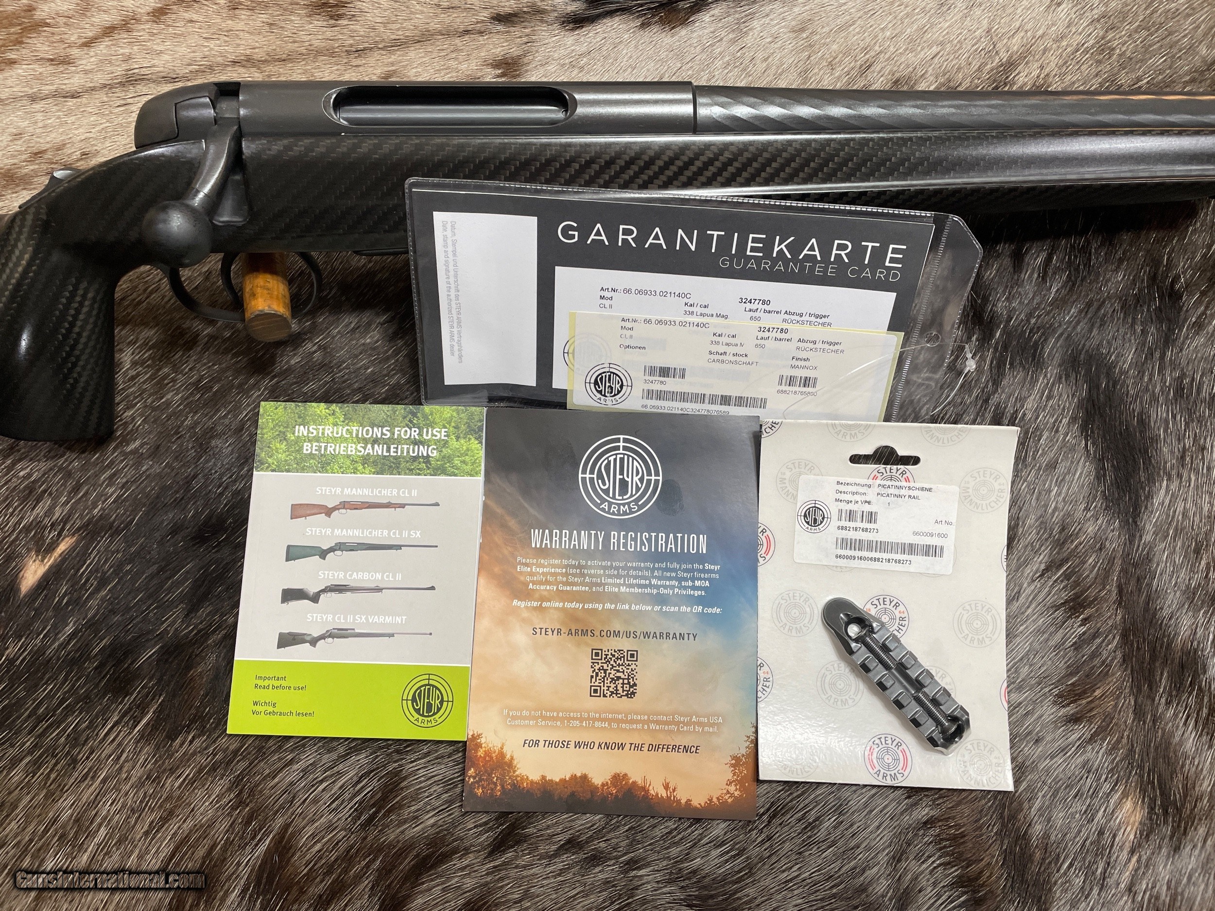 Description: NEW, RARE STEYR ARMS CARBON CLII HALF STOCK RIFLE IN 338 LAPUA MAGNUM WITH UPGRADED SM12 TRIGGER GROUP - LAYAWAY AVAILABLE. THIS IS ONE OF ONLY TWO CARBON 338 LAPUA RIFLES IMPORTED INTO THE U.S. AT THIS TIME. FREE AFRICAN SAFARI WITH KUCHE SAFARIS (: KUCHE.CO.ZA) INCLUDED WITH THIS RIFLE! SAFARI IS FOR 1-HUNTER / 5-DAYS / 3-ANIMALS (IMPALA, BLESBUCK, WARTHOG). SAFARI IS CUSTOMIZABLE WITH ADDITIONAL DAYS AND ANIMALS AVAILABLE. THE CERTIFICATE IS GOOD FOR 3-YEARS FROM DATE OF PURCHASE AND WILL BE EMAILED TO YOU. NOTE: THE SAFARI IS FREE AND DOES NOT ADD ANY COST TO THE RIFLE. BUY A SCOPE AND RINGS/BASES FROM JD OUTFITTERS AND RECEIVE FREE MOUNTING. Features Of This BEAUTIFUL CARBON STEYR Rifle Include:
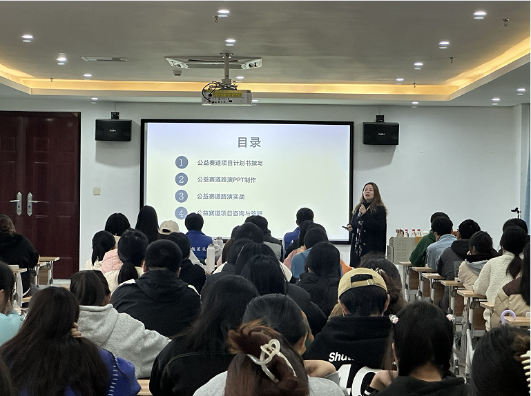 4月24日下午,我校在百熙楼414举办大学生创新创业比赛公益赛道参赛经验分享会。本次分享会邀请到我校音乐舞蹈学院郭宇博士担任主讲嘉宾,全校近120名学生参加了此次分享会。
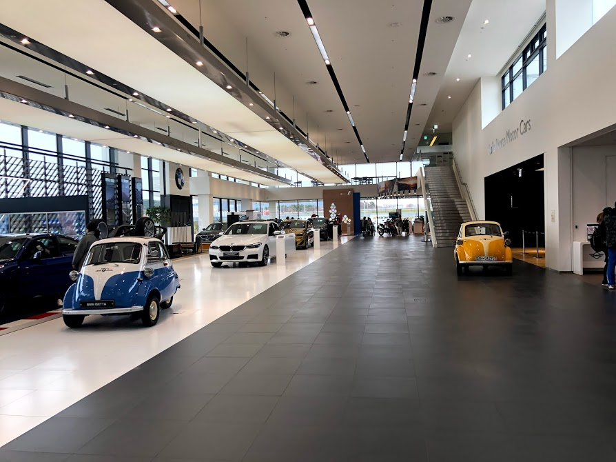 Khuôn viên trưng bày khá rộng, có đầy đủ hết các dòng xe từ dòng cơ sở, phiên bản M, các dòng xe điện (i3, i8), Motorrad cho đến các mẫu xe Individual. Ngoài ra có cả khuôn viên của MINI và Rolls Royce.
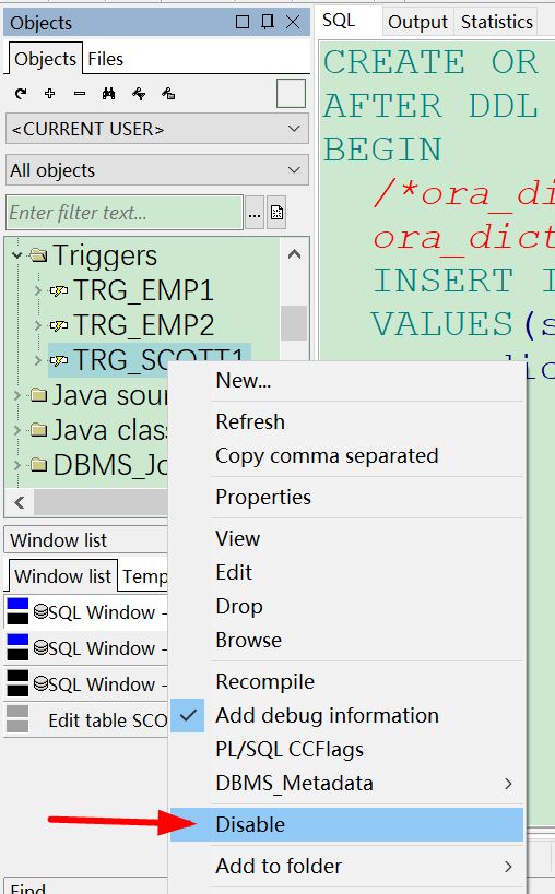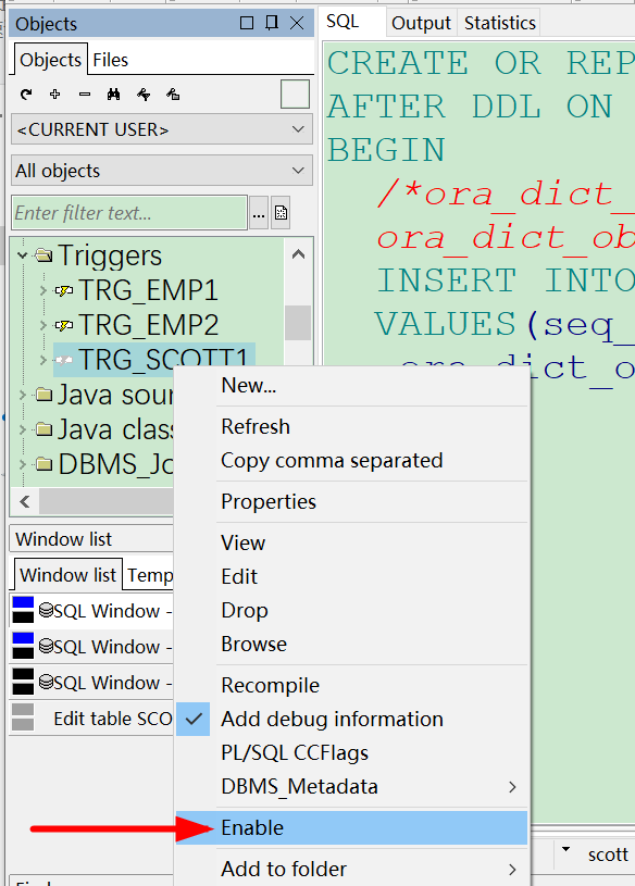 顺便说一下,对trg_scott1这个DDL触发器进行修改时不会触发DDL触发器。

━━━━━━

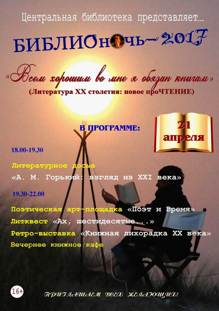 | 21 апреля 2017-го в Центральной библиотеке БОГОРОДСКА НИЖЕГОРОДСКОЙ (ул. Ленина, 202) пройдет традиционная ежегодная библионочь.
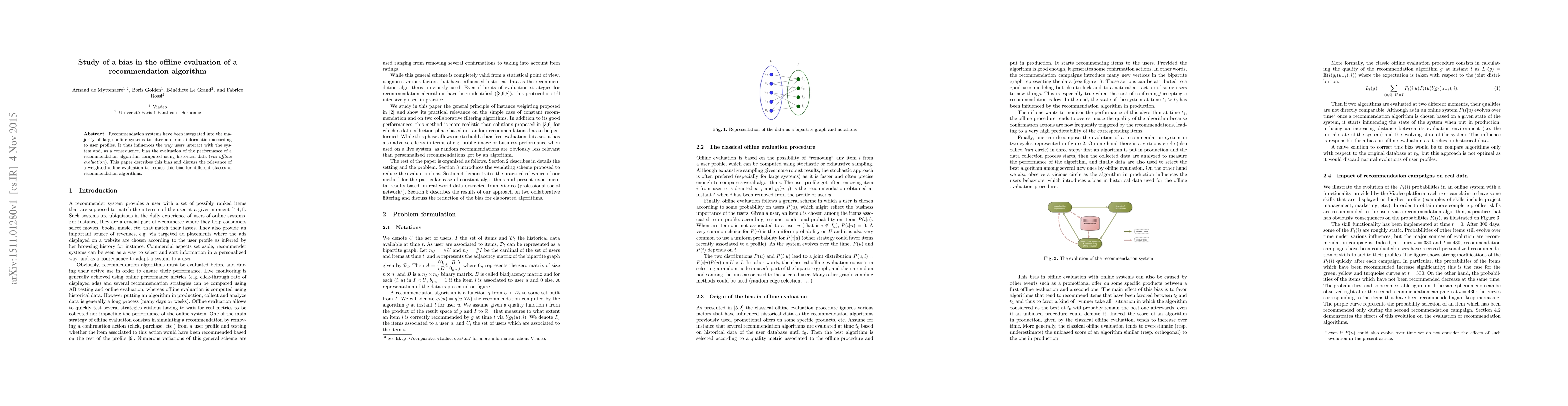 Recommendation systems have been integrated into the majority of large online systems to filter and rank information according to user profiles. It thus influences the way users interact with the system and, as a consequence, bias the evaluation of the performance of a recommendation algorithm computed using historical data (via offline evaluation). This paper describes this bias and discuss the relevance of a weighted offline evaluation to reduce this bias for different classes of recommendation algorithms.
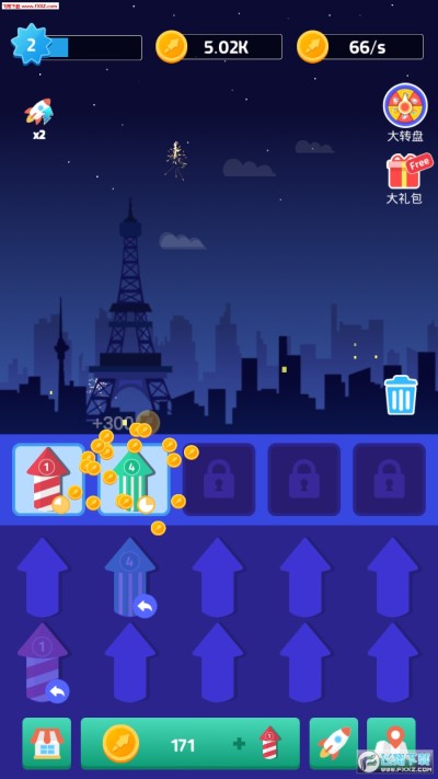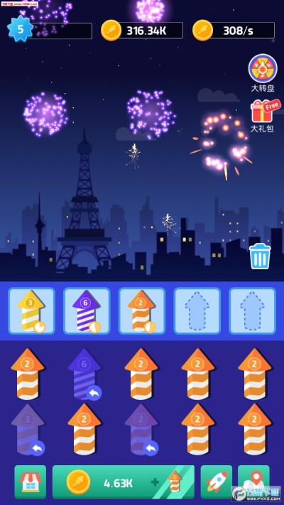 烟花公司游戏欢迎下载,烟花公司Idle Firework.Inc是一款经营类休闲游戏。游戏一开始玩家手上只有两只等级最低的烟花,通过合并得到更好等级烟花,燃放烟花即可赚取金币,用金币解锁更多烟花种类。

━━━━━━

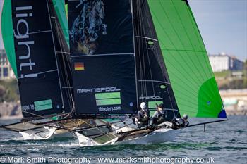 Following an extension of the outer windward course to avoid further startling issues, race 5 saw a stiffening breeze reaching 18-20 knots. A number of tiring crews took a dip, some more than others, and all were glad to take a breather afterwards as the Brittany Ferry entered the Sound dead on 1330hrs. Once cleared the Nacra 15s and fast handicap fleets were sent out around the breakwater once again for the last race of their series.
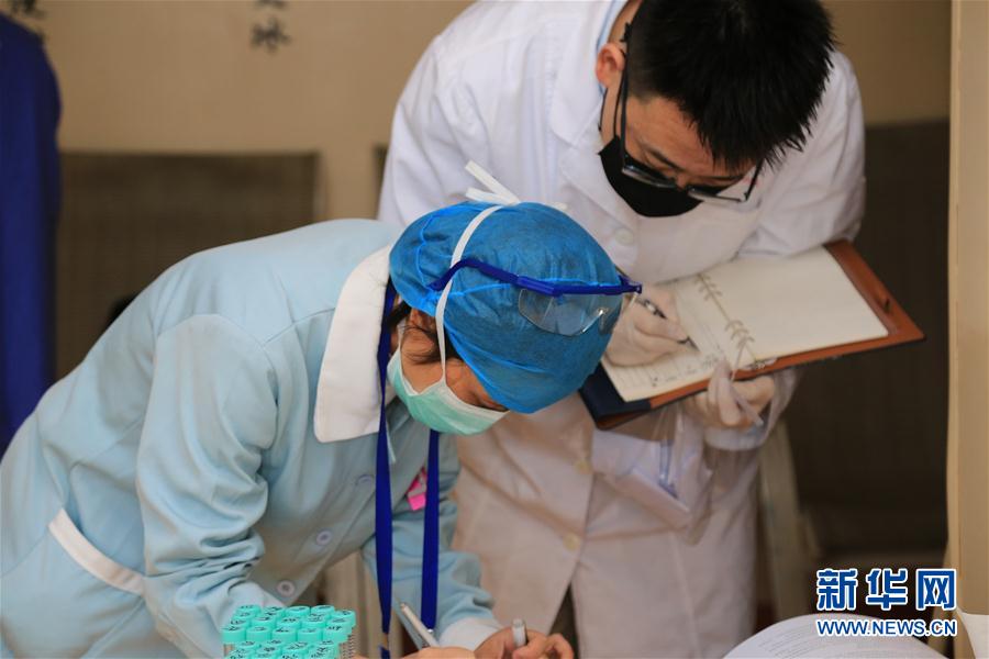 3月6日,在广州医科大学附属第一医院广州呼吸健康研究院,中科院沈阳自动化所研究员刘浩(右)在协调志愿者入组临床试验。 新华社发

━━━━━━

• _PROBLEM TO WORK ON_
Among the entries above, locate the line with "Recommendation systems have" and the line with "烟花公司游戏欢迎下载,烟花公". Give those two lines and all lines between them again, exactly, leaving out the pictures.

• _ANSWER AREA_
 Recommendation systems have been integrated into the majority of large online systems to filter and rank information according to user profiles. It thus influences the way users interact with the system and, as a consequence, bias the evaluation of the performance of a recommendation algorithm computed using historical data (via offline evaluation). This paper describes this bias and discuss the relevance of a weighted offline evaluation to reduce this bias for different classes of recommendation algorithms.
 烟花公司游戏欢迎下载,烟花公司Idle Firework.Inc是一款经营类休闲游戏。游戏一开始玩家手上只有两只等级最低的烟花,通过合并得到更好等级烟花,燃放烟花即可赚取金币,用金币解锁更多烟花种类。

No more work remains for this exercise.